Endoskop, optisches Gerät zur Beobachtung und Spiegelung von Körperhöhlen bzw. Hohlräumen in der Medizin und Technik. In letzter Zeit wurden E. auch mit chirurgischen Instrumenten ausgestattet. Es entwickelte sich so die endoskopische Chirurgie, auch Schlüsselloch- oder minimal invasive Chirurgie genannt, die inzwischen große Fortschritte gemacht hat. Das E. ist ein starres oder flexibles röhrenförmiges Gebilde, welches neben einem abbildenden System noch Systeme zur Beleuchtung und Durchführung chirurgischer Eingriffe und meist auch noch Spül- und Absaugkanäle für Instrumente zur Probenentnahme (Biopsie) enthält. Es erlaubt Veränderungen und Unregelmäßigkeiten zu erkennen und Eingriffe unter visueller Beobachtung vorzunehmen, ohne die Körperhöhle operativ zu öffnen, da die Beobachtung durch Luken und Röhren über längere Strecken (ein Meter und darüber) möglich ist. Statt mit einem Skalpell große Schnitte auszuführen, wie es bei konservativen Operationstechniken unvermeidlich ist, werden nunmehr kleine Röhren, die Trokare, entweder durch natürliche oder kleine künstliche Öffnungen in das Körperinnere geschoben. Die Trokare bilden die Führung für das E. Sie dienen auch zum Aufdehnen der Körperhöhlen des Bauches oder Enddarmes (Durchmesser 5 und 2,5 mm). Für den Patienten ergeben sich dadurch geringe Belastungen und Blutverluste. Mit einer Zoom-Optik können Gewebestrukturen sichtbar gemacht werden. Zum Schneiden und abrasiven Aufweiten von Gefäßstellen und zur Koagulation werden neben dem Hochfrequenzmesser auch spezielle Neodym-YAG-Laser mit Faseroptik verwendet.
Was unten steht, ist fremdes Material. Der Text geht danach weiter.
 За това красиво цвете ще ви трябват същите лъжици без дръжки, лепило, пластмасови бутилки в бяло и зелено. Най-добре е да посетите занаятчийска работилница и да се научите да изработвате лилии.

Die Beleuchtung wird durch eine externe Lichtquelle außerhalb der Körperhöhe (distales Ende) über eine Faseroptik als Kaltlichtleiter getrennt von dem Abbildungsstrahlengange realisiert. Flexible Bildleiter erzeugen mittels eines Okulars ein Bild, welches zu Dokumentationszwecken gespeichert werden kann. Nur wenn man eine extrem hohe Auflösung erreichen will, beleuchtet man am proximalen Ende (in der Nähe der Körperhöhle) mit einer Mikrolichtquelle, die aber im Gegensatz zum Lichtleiter Wärme erzeugt. Eine Mikrokamera im E. registriert auf hochauflösendem Film das Bild. Auch Festkörperendikons neben CCD-Bildwandlerchips sind, jedoch mit wesentlich geringerer Auflösung, im Einsatz. Die Optiken werden für verschiedene Blickrichtungen (Geradeausblick 0°, Rückblick 20°, Vorausblick 30° und Steilblick 70°-90°) und unterschiedliche Öffnungswinkel (60°, 80° und 100°) hergestellt. Mit Vorteil werden auch Mikrolinsen eingesetzt.
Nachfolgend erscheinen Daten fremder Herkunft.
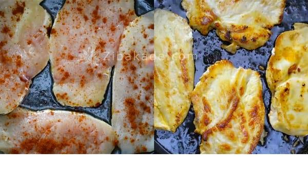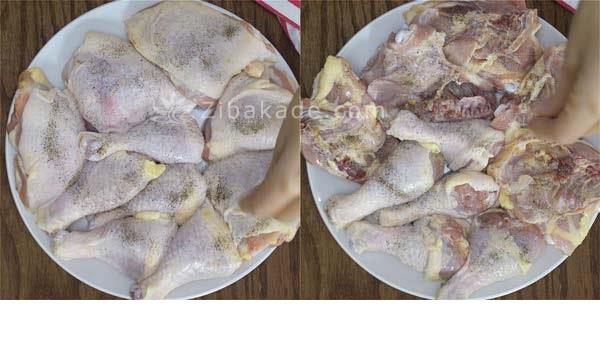 مرغ ها را داخل تابه بچینید و آنها را با نمک و پاپریکا مزه دار کنید.

Die äußeren Durchmesser der E. werden in Charrier angegeben (1 Charr.=0,33 mm). Die Schaftdurchmesser betragen, beginnend mit dem Kinder-E., 13,5 bis 28 Charr. Für halb- oder wenig flexible E. werden vielgliedrige Optiken mit großem Glaswege benutzt.
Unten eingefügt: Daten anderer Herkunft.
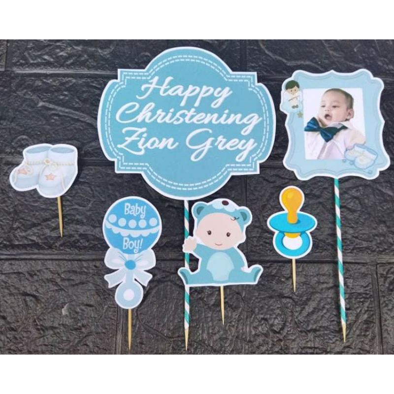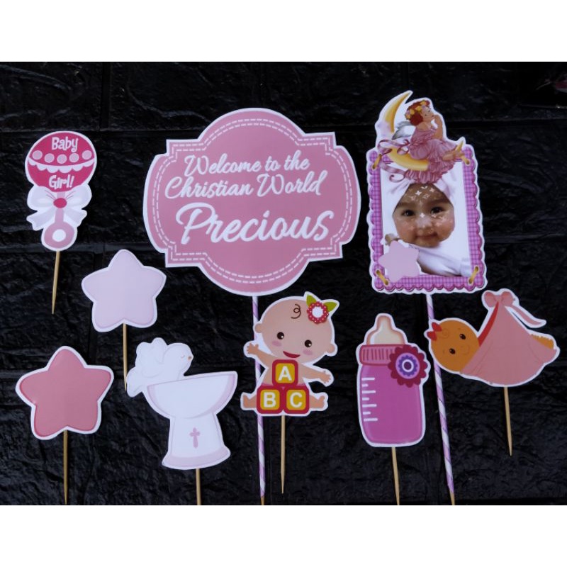 CHRISTENING BAPTISMAL BIRTHDAY DEDICATION PERSONALIZED CAKE TOPPER SET

Die Möglichkeiten der Gradientenoptik eröffnen neue Wege, da inhomogene Fasern nicht nur zu einer fokussierten Beleuchtung, sondern auch zu einer flexiblen Bildübertragung genutzt werden können. Lediglich die chromatische Aberration und die geringe Apertur der Fasern behindern noch den breiten Einsatz.

Man unterscheidet E. nach dem Einsatz in Körperhöhlen: Cystoskop (Harnleiter), Rektoskop (Mastdarm), Laporoskop (Bauchhöhle), Bronchoskop (Luftröhre), Ösophagoskop (Speiseröhre), Gastroskop (Magen), Kolposkop (Gebärmuttermund), Douglasskop (weibliche Genitalien), Otoskop (Trommelfell), Rhinoskop (Nase) und technisches E. (Innenwände von Tanks, Kesseln und Rohrleitungen).